**Raw data**
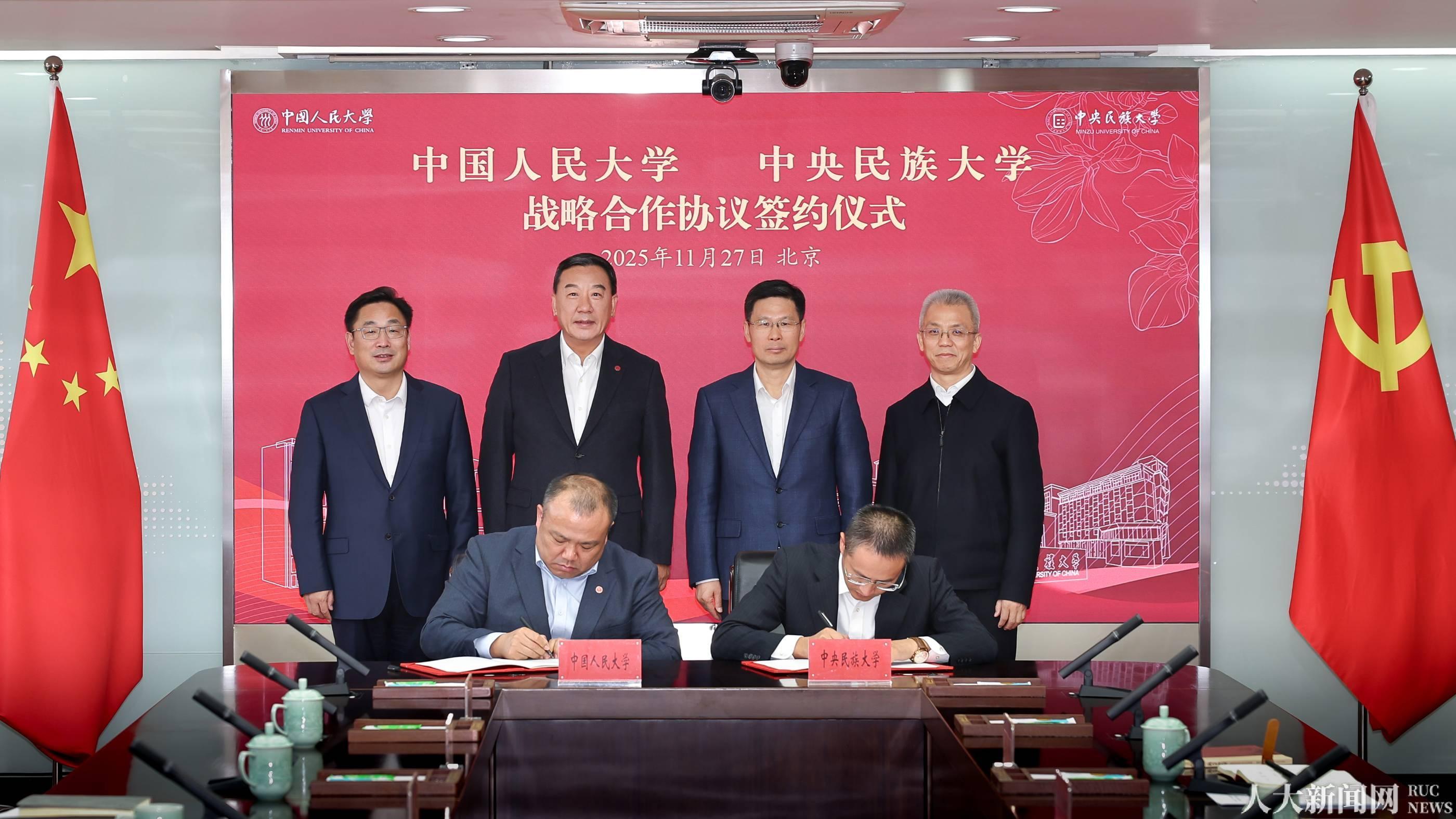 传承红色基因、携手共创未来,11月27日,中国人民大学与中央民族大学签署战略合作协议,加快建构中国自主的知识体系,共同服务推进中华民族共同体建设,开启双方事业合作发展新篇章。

==

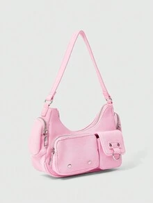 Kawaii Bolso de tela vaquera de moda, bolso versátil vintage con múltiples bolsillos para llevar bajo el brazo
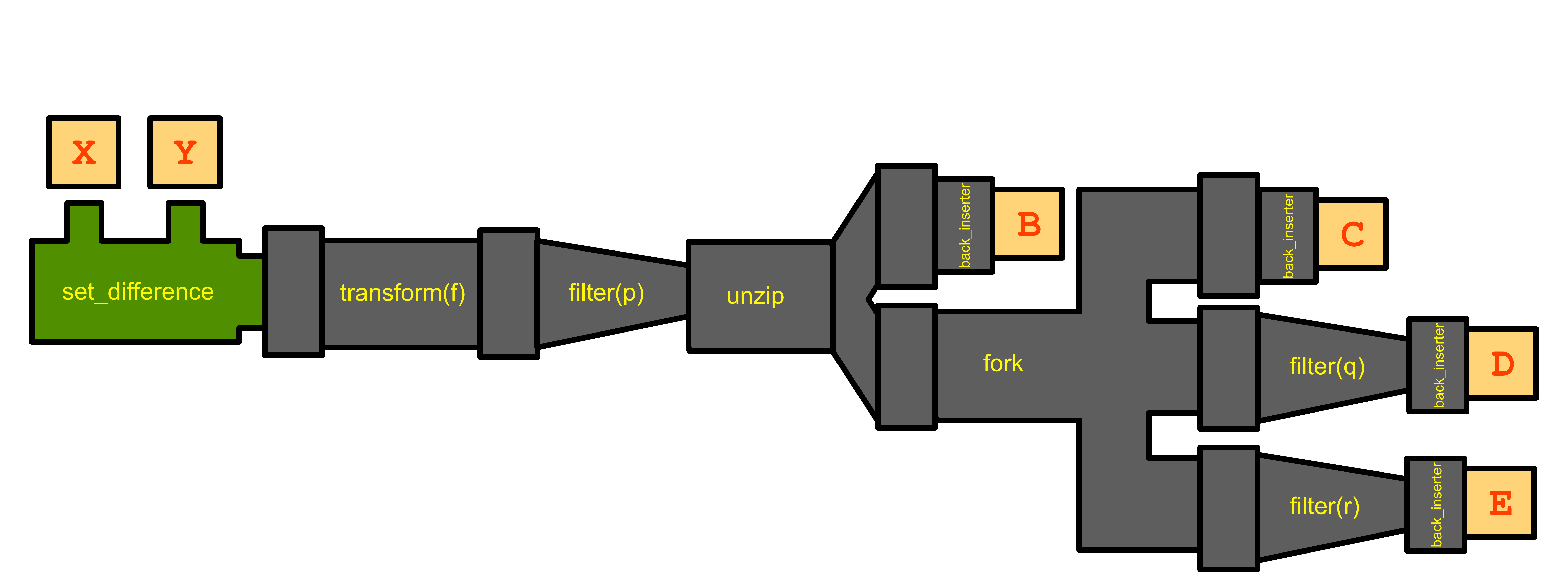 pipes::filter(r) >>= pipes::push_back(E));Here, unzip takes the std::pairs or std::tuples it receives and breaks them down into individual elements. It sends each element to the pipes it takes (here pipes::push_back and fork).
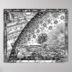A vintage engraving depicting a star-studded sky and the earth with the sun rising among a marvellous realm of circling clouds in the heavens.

**Task objective**
Return exactly the part of the listing above that opens with the line containing "pipes::filter(r) >>= pipes::push_back(E));Here, unzip" and closes with the line containing "A vintage engraving". Pictures stay out.

**Output of the task**
 pipes::filter(r) >>= pipes::push_back(E));Here, unzip takes the std::pairs or std::tuples it receives and breaks them down into individual elements. It sends each element to the pipes it takes (here pipes::push_back and fork).
A vintage engraving depicting a star-studded sky and the earth with the sun rising among a marvellous realm of circling clouds in the heavens.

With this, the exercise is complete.